Il prezzo del platino è influenzato da una combinazione di domanda industriale, offerta mineraria e condizioni economiche più ampie.
La domanda automobilistica è stata storicamente uno dei maggiori motori dei prezzi del platino. Il platino è usato nelle marmitte catalitiche, che aiutano a ridurre le emissioni dei veicoli. Le variazioni della produzione automobilistica globale, delle normative sulle emissioni e dell'equilibrio tra veicoli a benzina e diesel possono incidere notevolmente sulla domanda di platino.
Anche l'offerta mineraria ha un ruolo importante. La maggior parte del platino mondiale è prodotta in Sudafrica, con contributi minori dalla Russia e da poche altre regioni. Poiché la produzione è geograficamente concentrata, conflitti sindacali, carenze energetiche e sviluppi politici in queste aree possono incidere sull'offerta globale e influenzare i prezzi.

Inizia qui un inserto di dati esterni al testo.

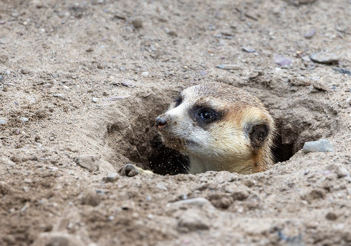 Petit animal au corps effilé avec une tête allongée, il se faufile avec aisance dans les galeries de son terrier : et le suricate ADORE creuser!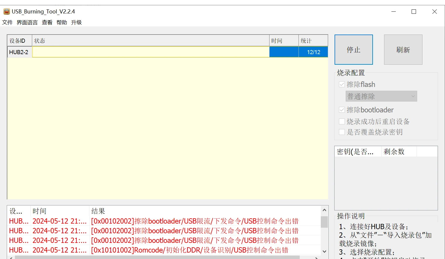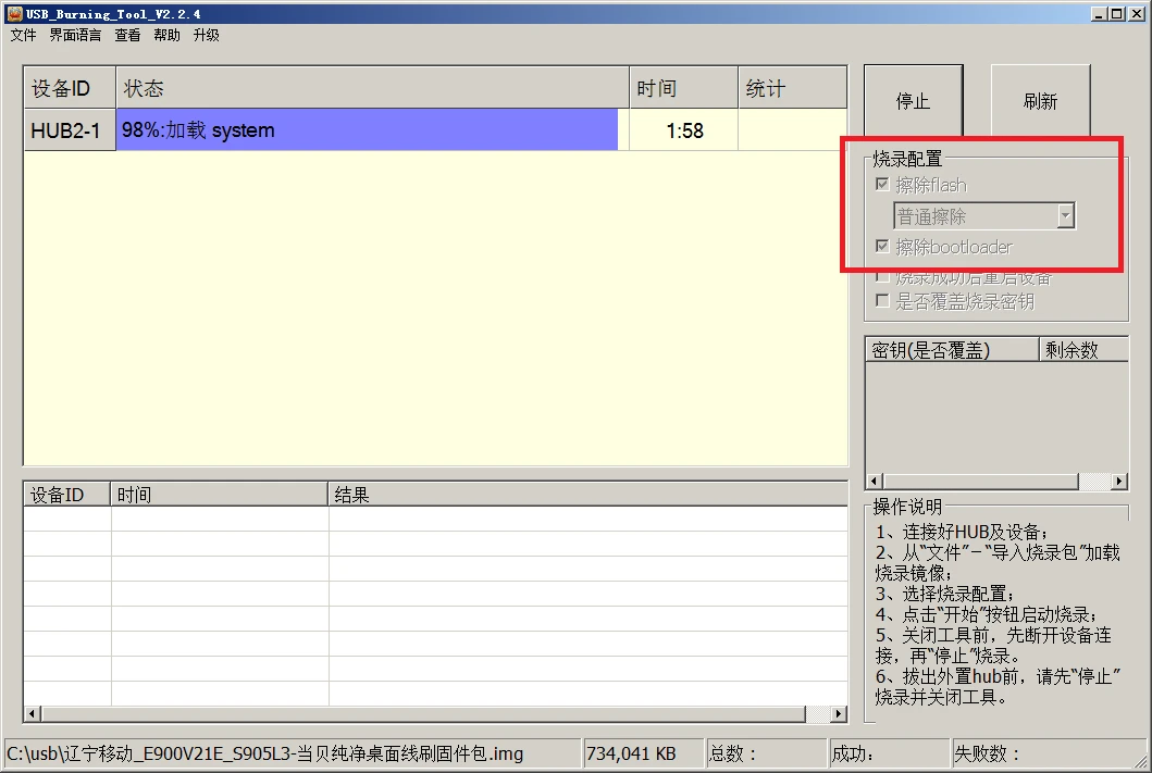 b、烧录配置:选中1, 擦除flash->普通擦除,选中2,擦除bootloader。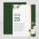 Um arranjo requintado de flores brancas, complementado por um verde-luxuoso, é graciosamente acentuado com uma faixa de gradiente de ouro e reforçado por um damasco verde no lado direito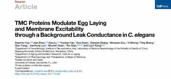 康利军研究组发现,TMC-1在秀丽线虫神经、肌肉系统中广泛表达,而TMC-2特异性表达于肌肉细胞中。 TMC-1和TMC-2的缺失,均会导致秀丽线虫产卵行为缺陷。康利军课题组的研究人员首先想到产卵行为跟机械感受之间可能存在密切的联系,也就是卵到达排卵部位后,可能对相关的神经元和肌肉组织产生挤压作用,而这种挤压力由什么蛋白感受,先前未见报道。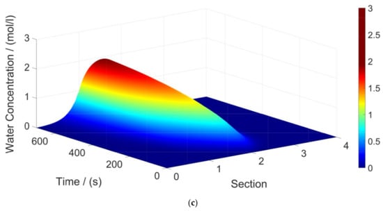 TMBR concentration profile along sections and time for (a) propanoic acid, (b) n-propyl propionate, and (c) water in a transient evolution.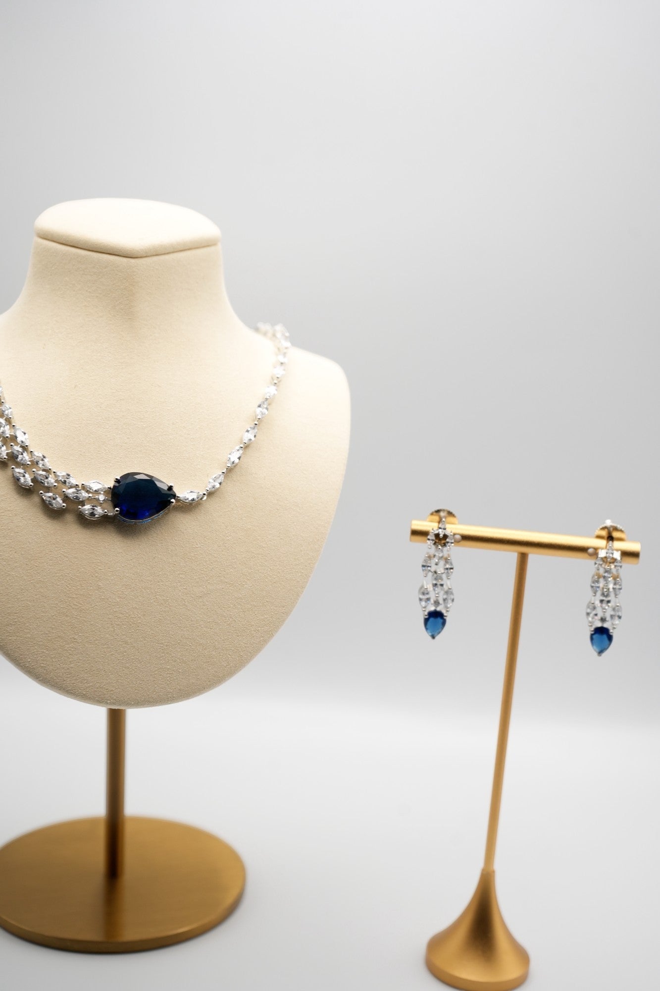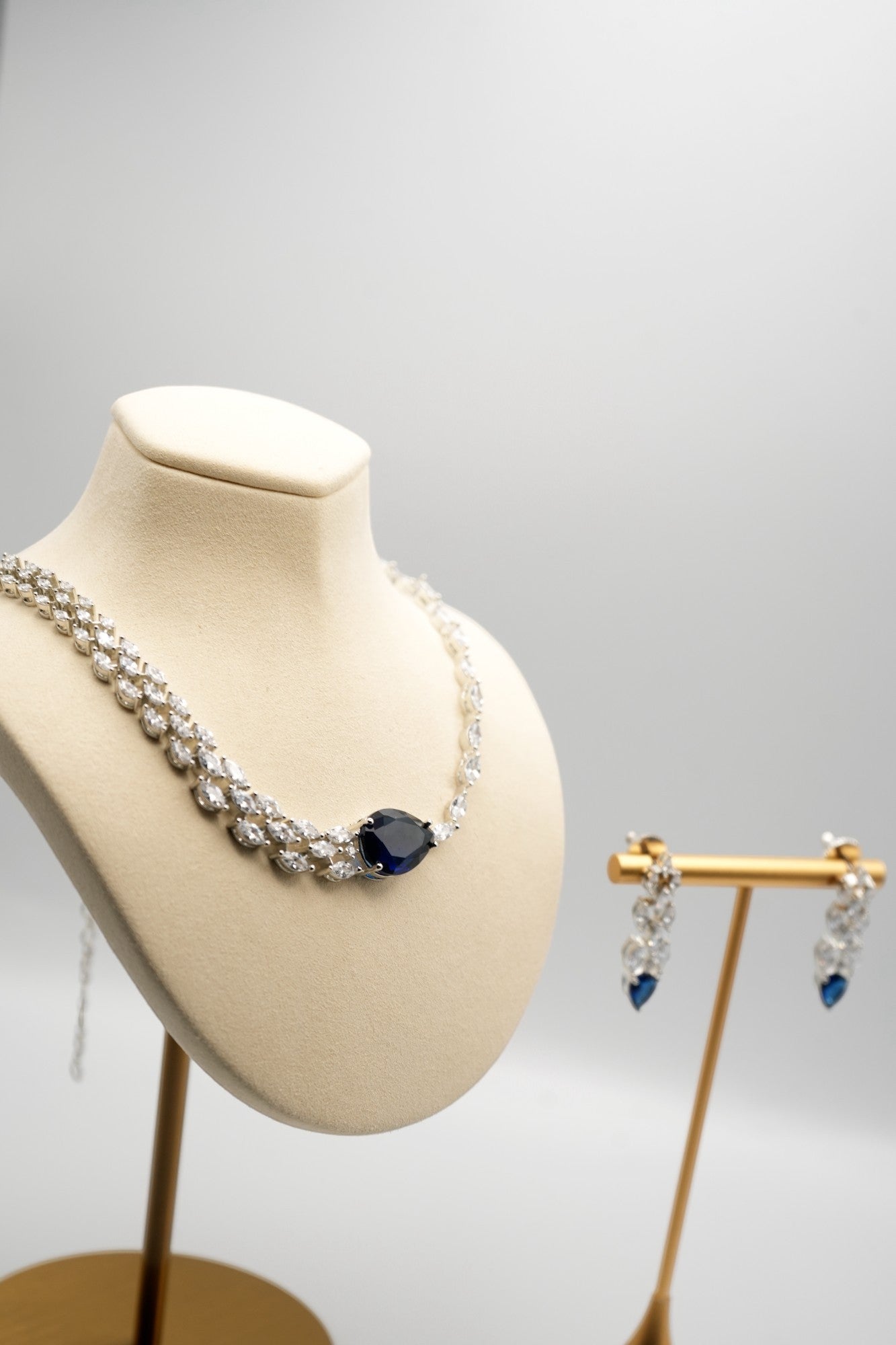 Indulge in timeless elegance Necklace & Earring Set. This exquisite ensemble features a delicate yet dazzling arrangement of brilliant-cut AD leading to a vibrant, pear-shaped emerald centerpiece in the necklace. The matching earrings mirror this sophisticated design, showcasing cascading Stones that culminate in a smaller, pear-shaped emerald. Perfect for adding a touch of refined glamour and vibrant color to any special occasion.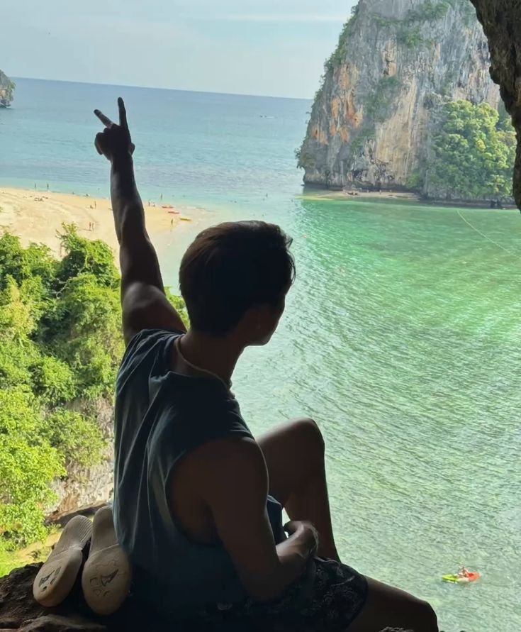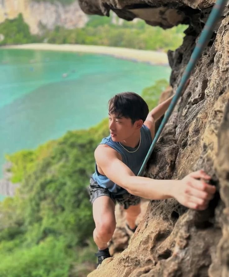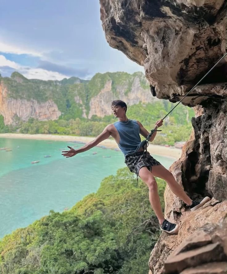 Аз взимам този тай бивш плувец и настоящ артист, за да ходим да се катерим на такива хубави места и да крещим в подкрепа на Леон Маршан. 🏊🏼‍♂️🧗🏿‍♂️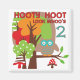 Búho camisetas de cumpleaños 2, trajes para el cuerpo, tazas, imanes, agujeros, posters, bolsas, y más con un búho, muchos árboles, y texto que dice "¡Hooty Hoot Look Whoo's 2!"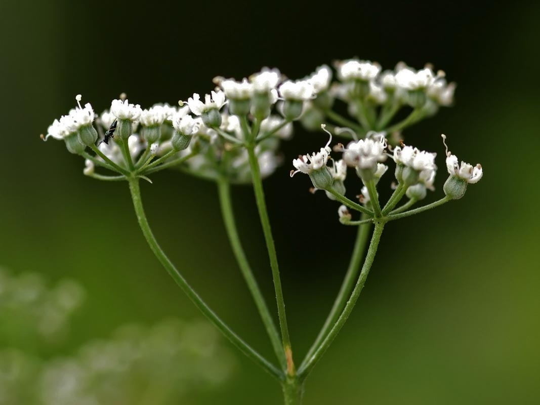 گلهای کوچک و سفید رنگ آن مجموعاً به صورت چتر مرکب مجتمع می گردد. گلدهی از جولای تا آگوست و فصل تولید بذرها از آگوست تا سپتامبر است. بذر آن کوچک، بیضوی یا گلابی شکل، به طول 3 تا 4 سانتی متر، به عرض 5/1 تا2 میلی متر و به رنگ سبز مایل به خاکستری یا زرد مایل به سبز است. بر روی میوه آن 5 خط طولی مشخص دیده می شود. تارهای ریز و فراوانی نیز همه قسمتهای میوه آنرا فرا گرفته است.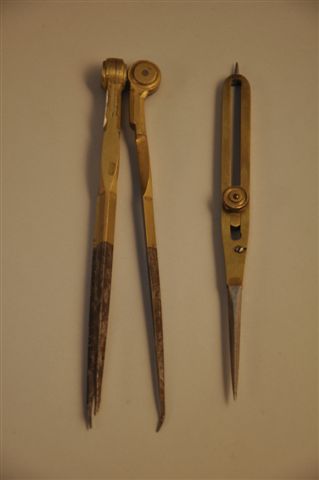 DEUX COMPAS en laiton et acier. Le premier de réduction et le second à trois pointes. XVIIIème. Long. repliée respectives: 16,5 et 17 cm (choc aux pointes du second)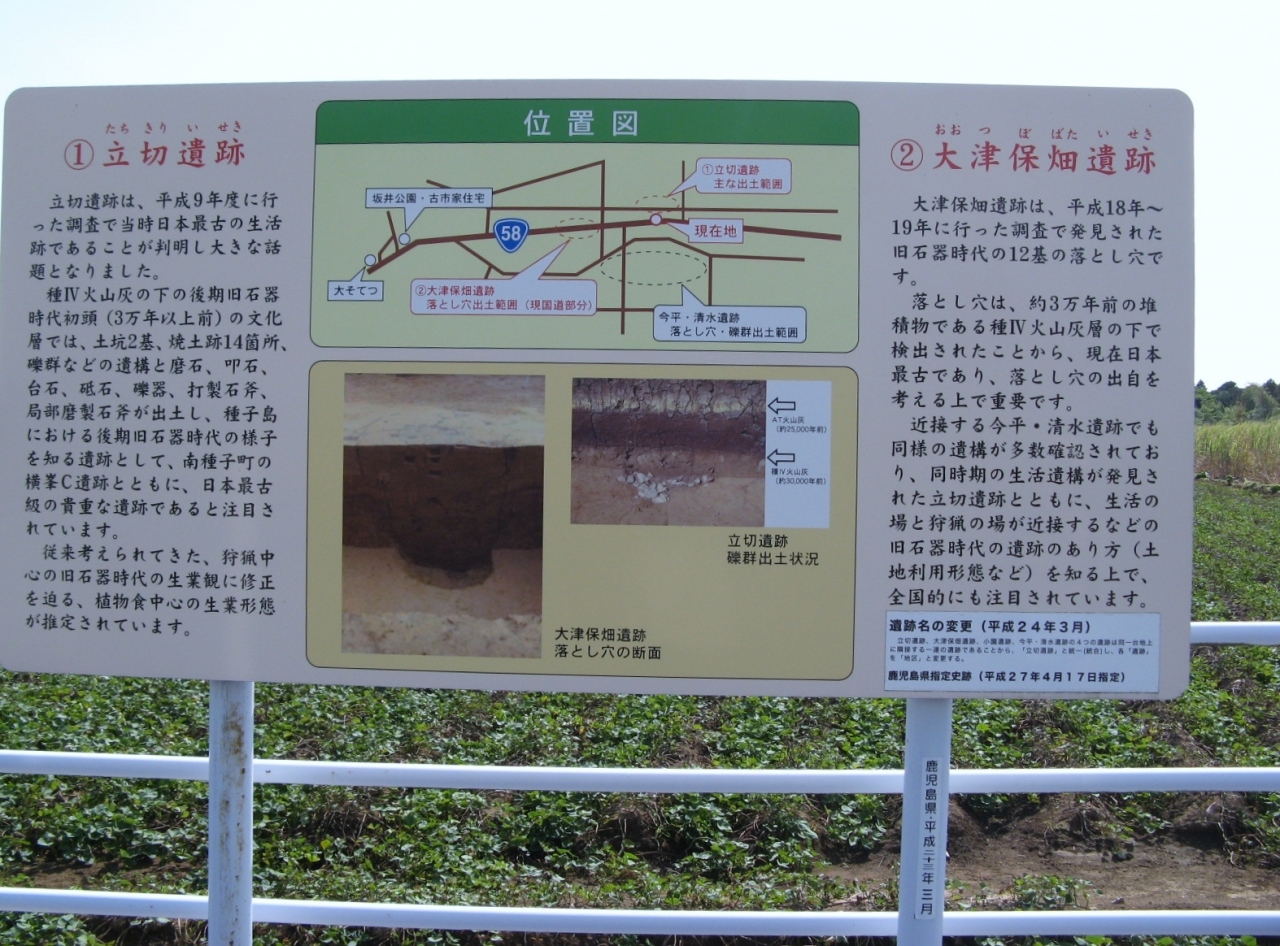 今から31000年ほど前の旧石器時代の生活跡。土杭・焼土・礫群・石器の4点セットが発掘された国内最古の生活跡で、定住して料理をしていた痕跡があることから、この時代の定説であった“狩りをしながら移動する生活”が見直されるかもという貴重な遺跡。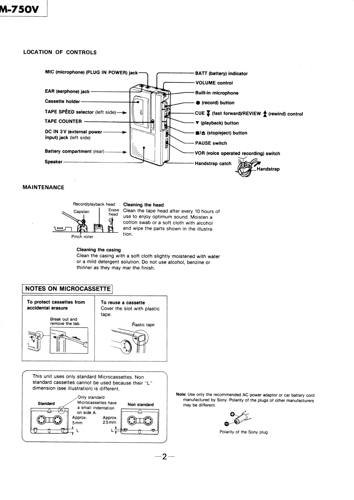 Sony M-750V - Tape Counter; Maintenance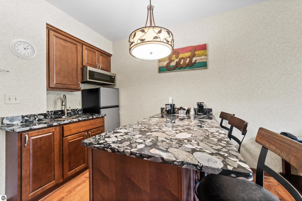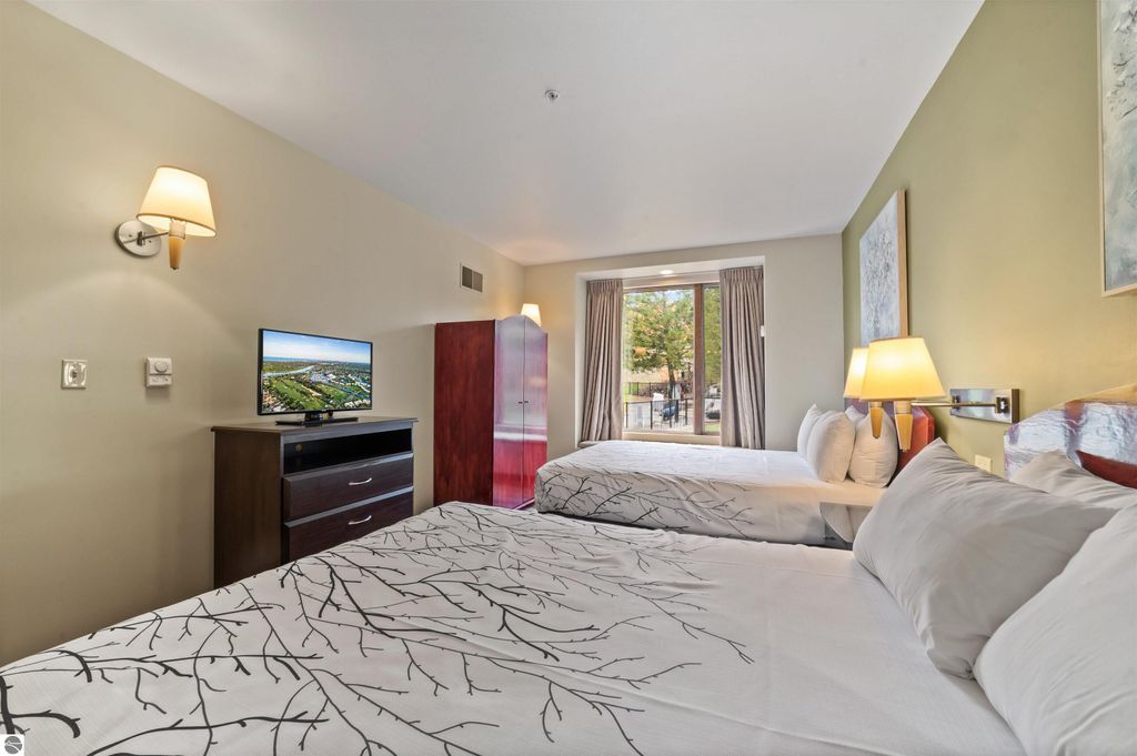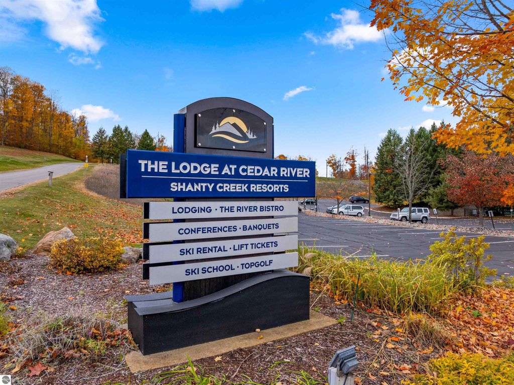 Beautifully remodeled one-bedroom, one-bath ground-floor condominium is ready for the next owner. This unit features private exterior access to the outdoor pool and two hot tubs, providing easy enjoyment of resort style amenities. Located within Shanty Creek Resorts, the condo sits adjacent to the Cedar River Golf Course designed by Tom Weiskopf. The pro shop and ski lift ticket check-in are located on the same level, offering convenient access to seasonal activities. One floor above, the River Bistro provides dining, pool tables, and a golf simulator. The unit is being sold fully furnished, allowing for immediate use. Association dues cover heat, electricity, cable, internet/Wi-Fi, water, and sewer for simplified ownership. While not in personal use, the property may be placed in the resort rental program. The unit has a strong rental history, offering potential income opportunity. The location also provides close proximity to the Chain of Lakes and access to a shuttle to downtown Bellaire, home to Short's Brewing Company, local restaurants, shops, and a movie theater. Whether used as a personal getaway or investment property, this turnkey condo offers convenient access to golf, skiing, dining, and Northern Michigan recreation.
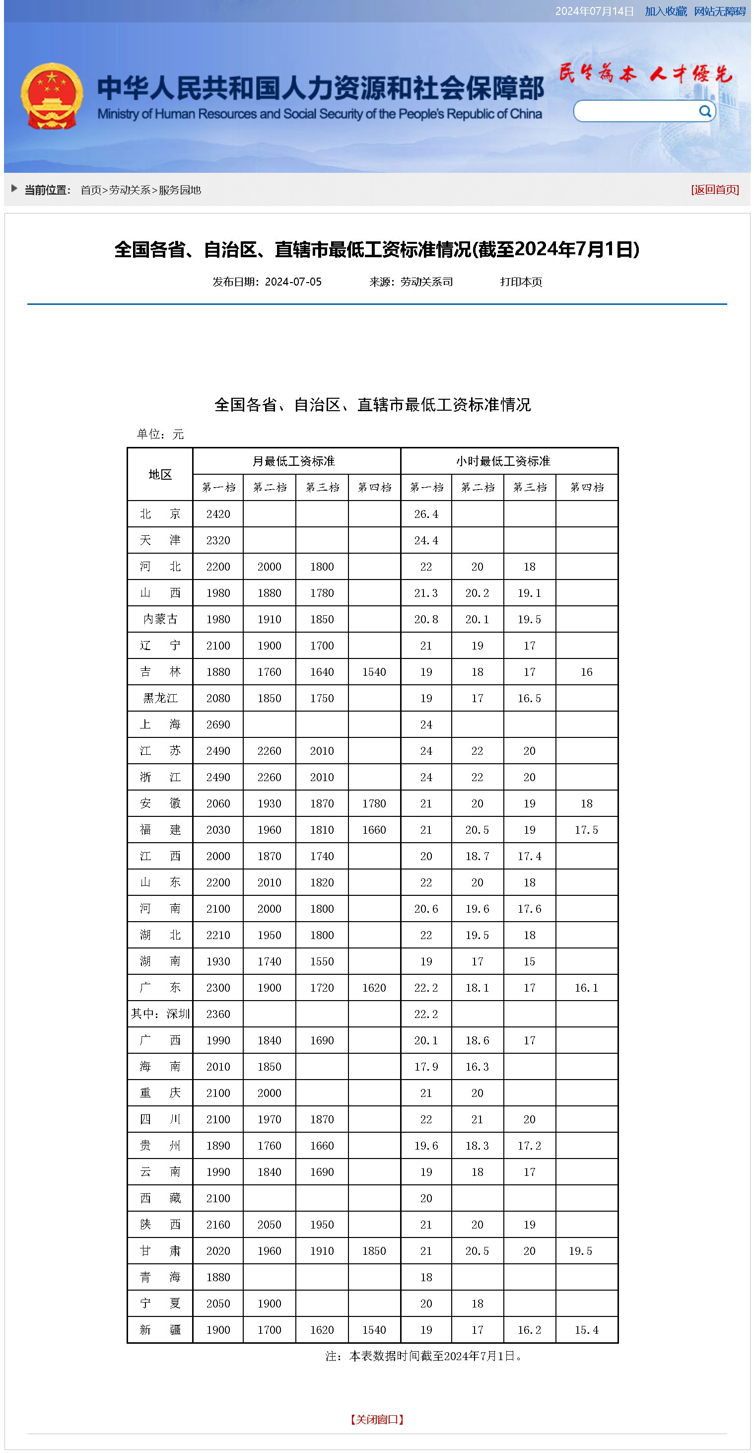 全國各省、自治區、直轄市最低工資標準情況(截至2024年7月1日)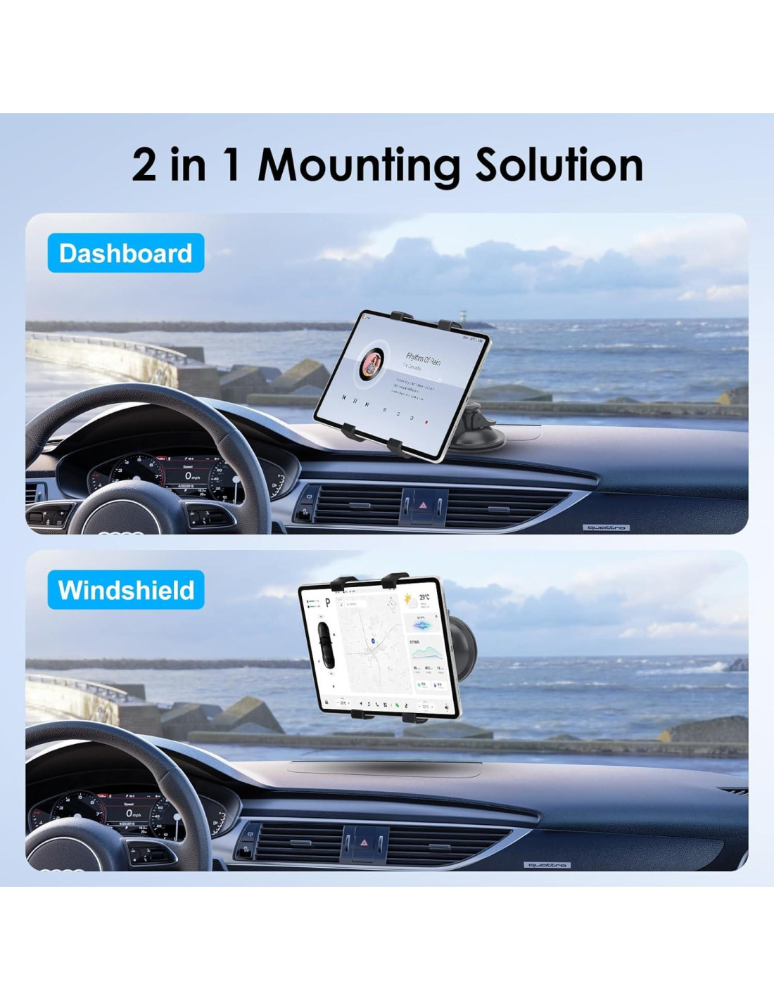 - Visualización en Múltiples Ángulos: Gracias a la bola giratoria de 360 y al brazo giratorio de 180, este soporte de tableta para tablero de coche puede satisfacer tu ángulo de visualización perfecto sin bloquear tu vista

Anche le applicazioni industriali oltre al settore automobilistico contribuiscono alla domanda di platino. Il metallo è impiegato nella raffinazione del petrolio, nei processi chimici, nell'elettronica e in tecnologie emergenti come le celle a combustibile a idrogeno.
Infine, la domanda di investimento può influire sui prezzi del platino. Gli investitori talvolta acquistano platino come investimento in metalli preziosi, in particolare quando lo ritengono sottovalutato rispetto all'oro o ad altri metalli.
Insieme, questi fattori interagiscono per determinare il prezzo di mercato globale del platino.